EXERCISE AIM:
Would you print only the lines running from the one with "An ingenious multifunction" to the final line of the data below, word for word and without pictures?

RAW DATA:
★ ★ ★ ★ ★ ★ ★
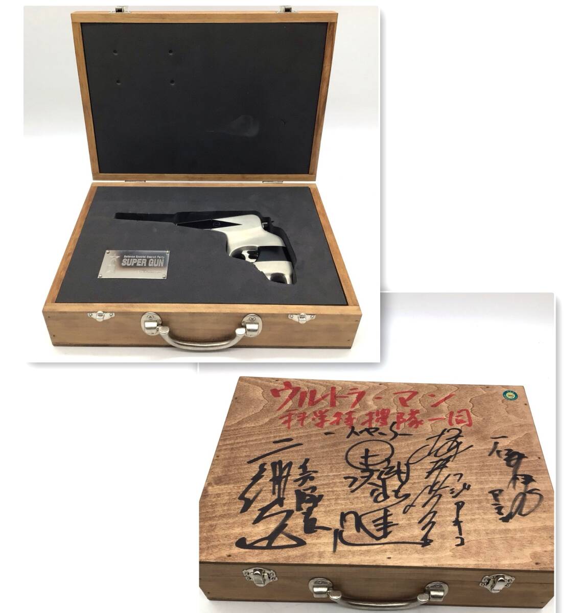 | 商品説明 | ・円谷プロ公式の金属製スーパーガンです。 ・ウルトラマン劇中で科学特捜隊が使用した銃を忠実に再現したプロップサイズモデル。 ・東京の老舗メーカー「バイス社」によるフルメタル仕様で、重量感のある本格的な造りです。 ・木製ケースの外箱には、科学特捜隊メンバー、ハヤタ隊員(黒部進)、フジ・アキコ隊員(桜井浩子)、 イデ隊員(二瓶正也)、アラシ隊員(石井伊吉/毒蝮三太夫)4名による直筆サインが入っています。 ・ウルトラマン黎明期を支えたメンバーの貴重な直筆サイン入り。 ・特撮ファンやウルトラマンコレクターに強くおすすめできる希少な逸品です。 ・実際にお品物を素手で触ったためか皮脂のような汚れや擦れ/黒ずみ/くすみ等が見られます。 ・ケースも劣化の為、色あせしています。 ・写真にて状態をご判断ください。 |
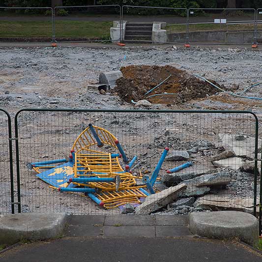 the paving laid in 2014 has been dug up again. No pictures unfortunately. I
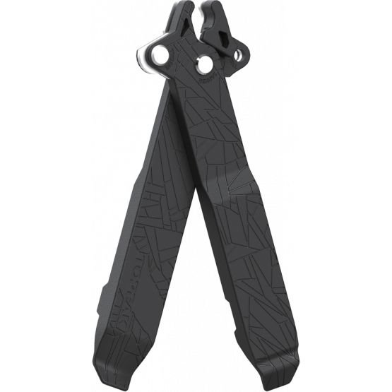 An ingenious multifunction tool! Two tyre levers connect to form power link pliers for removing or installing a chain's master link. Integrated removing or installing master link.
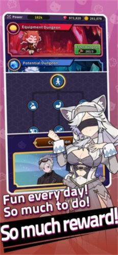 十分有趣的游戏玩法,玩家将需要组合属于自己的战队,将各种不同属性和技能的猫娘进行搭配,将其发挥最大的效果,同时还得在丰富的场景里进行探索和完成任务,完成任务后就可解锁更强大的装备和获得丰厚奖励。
★ ★ ★ ★ ★ ★ ★
TASK ANSWER:
 An ingenious multifunction tool! Two tyre levers connect to form power link pliers for removing or installing a chain's master link. Integrated removing or installing master link.
 十分有趣的游戏玩法,玩家将需要组合属于自己的战队,将各种不同属性和技能的猫娘进行搭配,将其发挥最大的效果,同时还得在丰富的场景里进行探索和完成任务,完成任务后就可解锁更强大的装备和获得丰厚奖励。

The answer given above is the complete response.